With pictures omitted, the line containing "Q White Lotion, Lumine" and all later lines of the records below are to be restated word for word.

#### Records for this exercise:
□ □ □ □ □

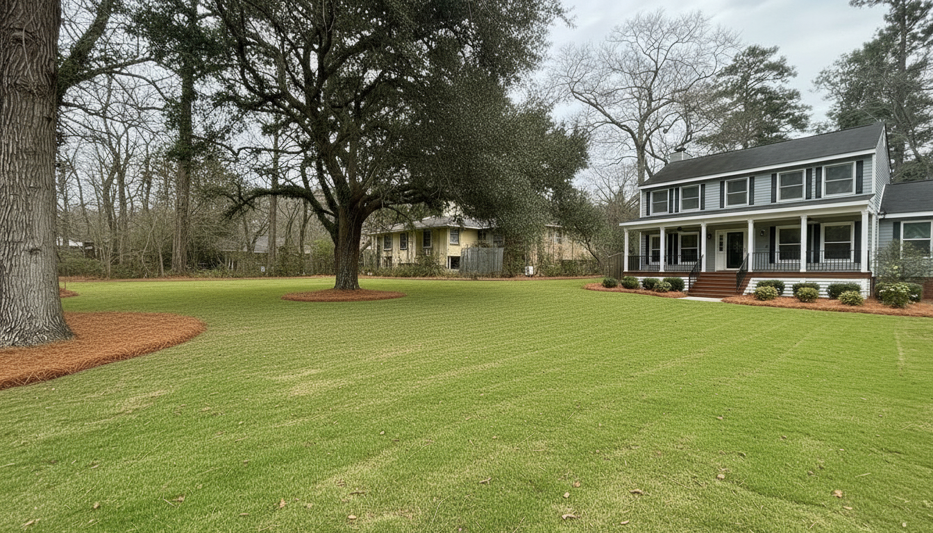 add a 12 foot wide bed of pinestraw between these two houses and their front lawns
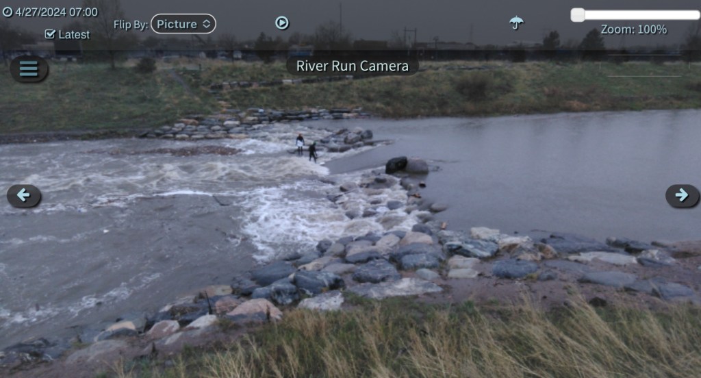 Sixx was surfed at 7am but looks like it has blown out. Sixx might be surfable if the flow backs off. We do know from experience that Sixx can’t be shaped over 650cfs. The pole cam is your friend today. The gauge might hang up for hours at a time but will give you an idea what the trend is of going up or dropping down.
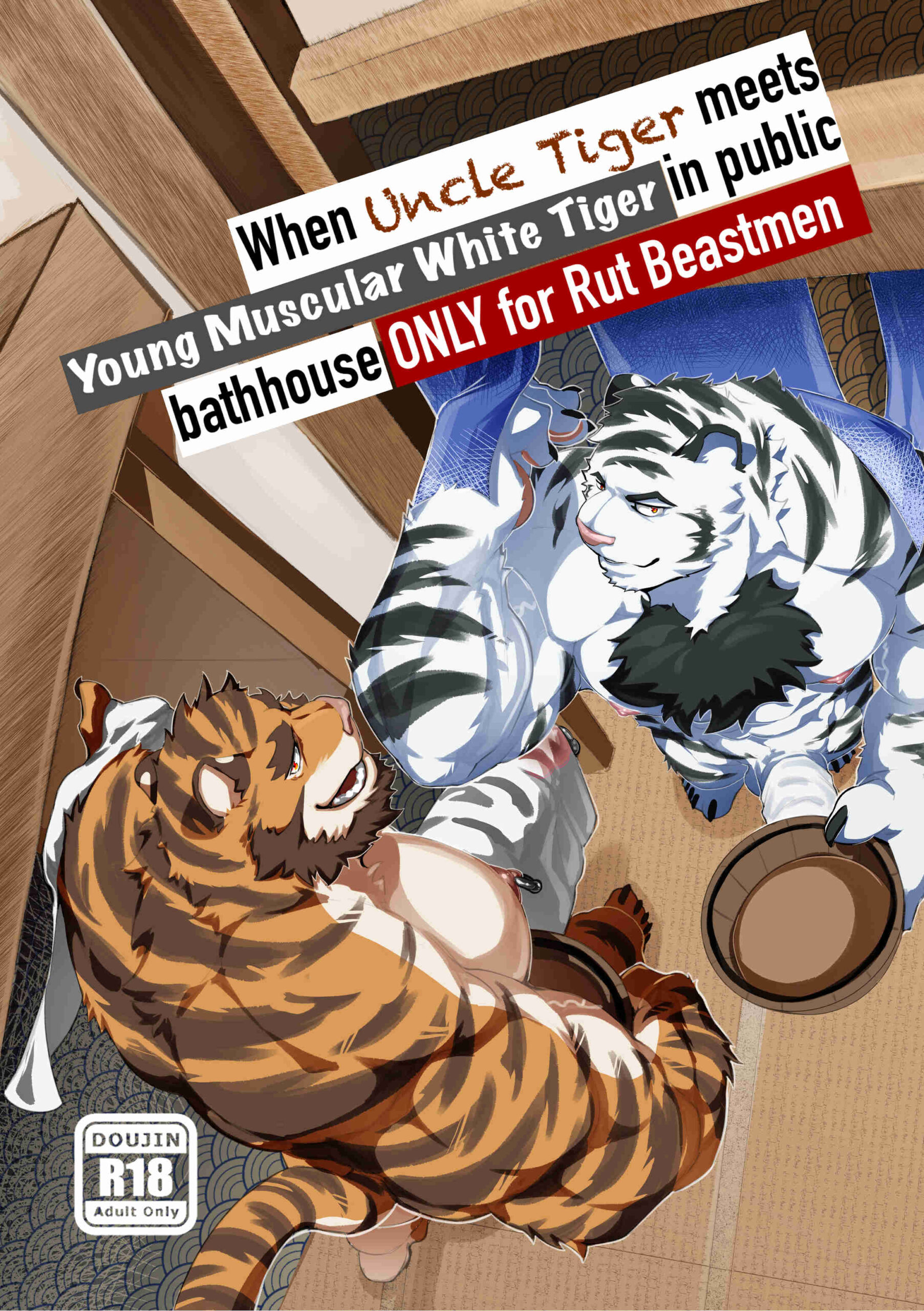 When Uncle Tiger meets Young Muscular White Tiger in public bathhouse Only for Rut Beastmen
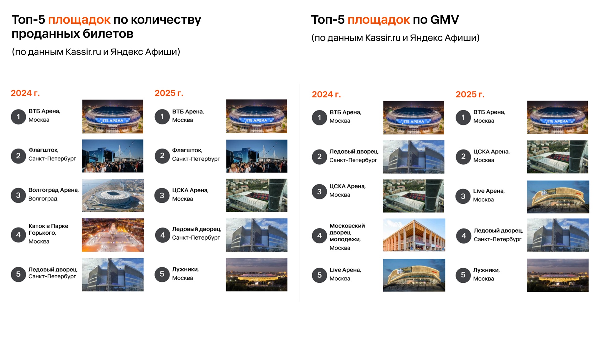 Среди концертных площадок по объему проданных билетов традиционно лидируют площадки из Москвы и Санкт-Петербурга: ВТБ Арена, ЦСКА Арена и Live Арена.
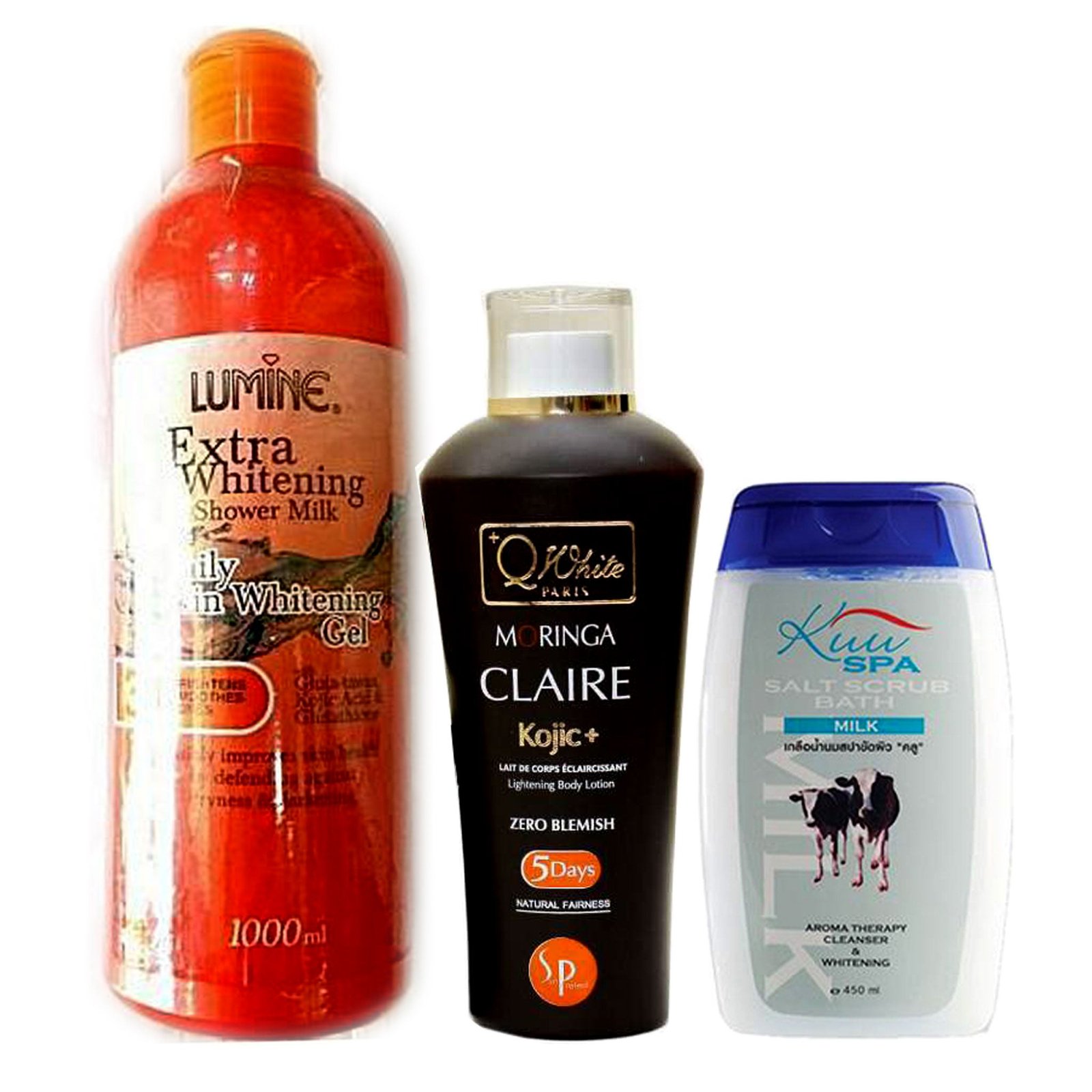 Q White Lotion, Lumine Whitening Gel & Kuu Spa Salt Milk Scrub Pack Of 3
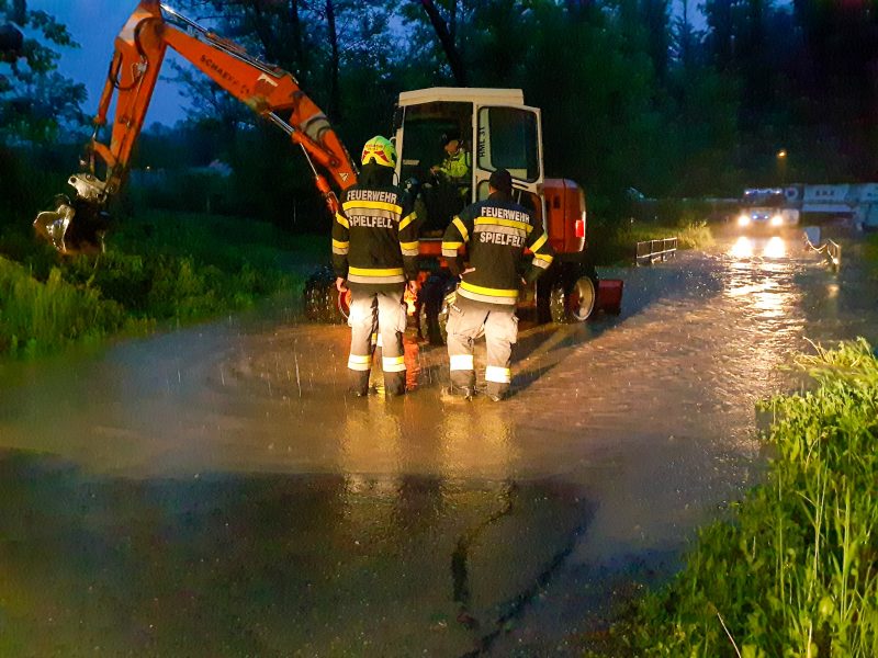 Die Freiwillige Feuerwehr Spielfeld wurde am Dienstag, dem 16.05 von 19:23 bis 21:45 Uhr zu 4 Unwettereinsätzen gerufen. Durch die nun schon seit 3 Tagen anhaltenden Regenfälle kam es in den Bereichen Graßnitzberg, Schloss Spielfeld und B67 zu Vermurungen und Überschwemmungen. Um 20:45 Uhr wurde die FF Spielfeld von der FF Ehrenhausen zum Transport von Sandsäcken angefordert.
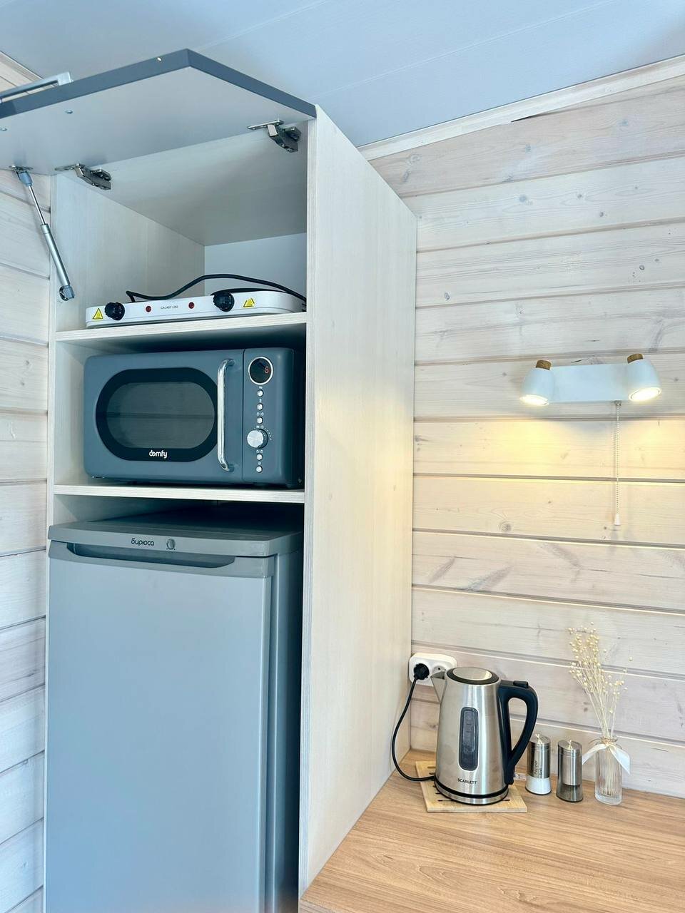 Всего в домике 2 отдельные спальни с большими и удобными кроватями 160:200см + раскладной диван в гостиной. Проживание до 5 человек.Кухня, стиральная машина, кондиционер, отопление, smart tv, беспроводная колонка, постельное белье и полотенца.

□ □ □ □ □

#### Written response:
 Q White Lotion, Lumine Whitening Gel & Kuu Spa Salt Milk Scrub Pack Of 3
 Die Freiwillige Feuerwehr Spielfeld wurde am Dienstag, dem 16.05 von 19:23 bis 21:45 Uhr zu 4 Unwettereinsätzen gerufen. Durch die nun schon seit 3 Tagen anhaltenden Regenfälle kam es in den Bereichen Graßnitzberg, Schloss Spielfeld und B67 zu Vermurungen und Überschwemmungen. Um 20:45 Uhr wurde die FF Spielfeld von der FF Ehrenhausen zum Transport von Sandsäcken angefordert.
 Всего в домике 2 отдельные спальни с большими и удобными кроватями 160:200см + раскладной диван в гостиной. Проживание до 5 человек.Кухня, стиральная машина, кондиционер, отопление, smart tv, беспроводная колонка, постельное белье и полотенца.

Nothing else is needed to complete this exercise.